I dont' really remember much I was kinda high..hehe but the girls up front took me for walks and gave me lots of love until mommy and daddy came to get me. I was still sleepy, and mommy was all happy to see me, and daddy even let me sit on his lap on the ride home. I love laps, they're like my favorite!!
So I'm sure you want to know am I a girl or a boy...well I'm both. I'm a true hermaphrodite according to the pug doctor. I have both girl and boy parts inside and out. Mommy was happy I get to keep my girlie name and doctor was happy he got to solve this puzzle. I'm just happy that I can't get sick inside anymore. Right now I'm still loopey and am going back to sleep. Thanks for all positive pug thoughts, they helped me. Will post more tomorrow when I'm not so high..hehe

Monday, February 1, 2010

bath time before the big day!

So tonight mommy pics me up from doggie daycare and she shakes her head and says "Thank goodness you're getting a bath tonight!" See for the last few days I've been playing out in the mud, going to work with mommy and having fun will all my friends at "Bring Rover Over", and so I'm pretty much filthy. Casey and I (my best German Shepard buddy) just play so much that I get covered in his slobber, and I've been to the park where it's all muddy....so I'm one dirty girl. I wasn't surprised to see mommy with the bath towels.

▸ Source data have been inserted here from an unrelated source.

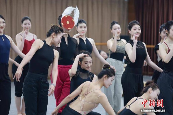4月14日,辽宁歌舞团举办《古色·国宝辽宁》排练开放日活动。媒体记者、粉丝观众与汉服爱好者齐聚一堂,共同走进排练一线,近距离感受国宝文物与舞台艺术交融的独特魅力,为剧目本周末正式演出提前预热。图为演员在排练中。中新社记者 于海洋 摄
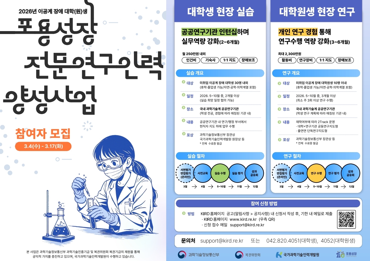 - KIRD에서 2026년 포용성장 전문연구인력양성사업 참여자를 모집하오니 많은 관심 바랍니다.
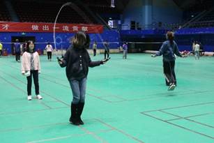趣味项目中,无论是老师还是学生都兴致盎然,争分夺秒地练习起了比赛项目,认真地进行热身等赛前准备。三人四足跑比赛中,师生互帮互助,共同冲向终点,玩得不亦乐乎。双人背夹气球、跳绳接力赛和合力踢毽子项目则异常激烈,参赛队员们个个精神抖擞,队友们随着比赛的进行不断地给予队友加油鼓励,场面十分热闹。

Daddy caught me mid-wash and while I love taking a bath I find it not kosher to take a picture of me while I'm not suitable for show. I mean really, a pug is always cute right? but when I'm all wet....well I'm just not ready for my closeup. A girl has got to set some boundaries.

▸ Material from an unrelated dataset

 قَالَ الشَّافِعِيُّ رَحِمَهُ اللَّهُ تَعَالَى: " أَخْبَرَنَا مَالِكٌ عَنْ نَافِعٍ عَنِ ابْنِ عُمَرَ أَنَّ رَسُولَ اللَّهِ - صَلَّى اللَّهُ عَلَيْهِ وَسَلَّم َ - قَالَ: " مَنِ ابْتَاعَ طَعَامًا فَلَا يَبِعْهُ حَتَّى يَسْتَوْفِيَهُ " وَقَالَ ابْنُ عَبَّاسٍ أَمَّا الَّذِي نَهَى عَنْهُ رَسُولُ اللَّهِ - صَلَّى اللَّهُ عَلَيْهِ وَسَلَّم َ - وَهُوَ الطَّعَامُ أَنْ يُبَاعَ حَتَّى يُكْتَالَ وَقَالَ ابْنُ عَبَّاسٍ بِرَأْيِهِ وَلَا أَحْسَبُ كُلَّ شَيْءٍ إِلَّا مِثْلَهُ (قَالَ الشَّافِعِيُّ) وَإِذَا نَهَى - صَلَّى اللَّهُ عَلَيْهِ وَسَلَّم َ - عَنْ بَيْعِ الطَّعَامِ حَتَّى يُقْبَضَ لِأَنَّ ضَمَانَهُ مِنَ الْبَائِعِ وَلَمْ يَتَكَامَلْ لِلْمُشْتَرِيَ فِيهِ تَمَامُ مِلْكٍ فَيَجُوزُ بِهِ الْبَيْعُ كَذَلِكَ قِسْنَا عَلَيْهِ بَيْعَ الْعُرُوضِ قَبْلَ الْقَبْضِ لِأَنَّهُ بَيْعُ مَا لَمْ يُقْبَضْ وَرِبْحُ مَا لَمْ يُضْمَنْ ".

So tomorrow is the big day....I get "fixed". I asked mommy and daddy what this means and they said for me it's a little different. See I'm a very special doggie, so mommy and daddy says this surgery is real important for me. Some of my friends at the dog park and daycare sniff at me and are confused, but I don't know why. Mommy and daddy told me I'm very rare and that just makes me extra special....see I'm a hermaphrodite. I've had a lot of doctors and everything look at me and I've had to spread eagle a lot! So tomorrow I get this surgery to make sure I'm ok, because mommy says I can't have or make babies and that's ok cause I don't want those. So wish me luck that I'm ok. I'm a little upset I don't get to eat breakfast and us pugs like food. I'll let you know how it goes and send positive pug thoughts my way please.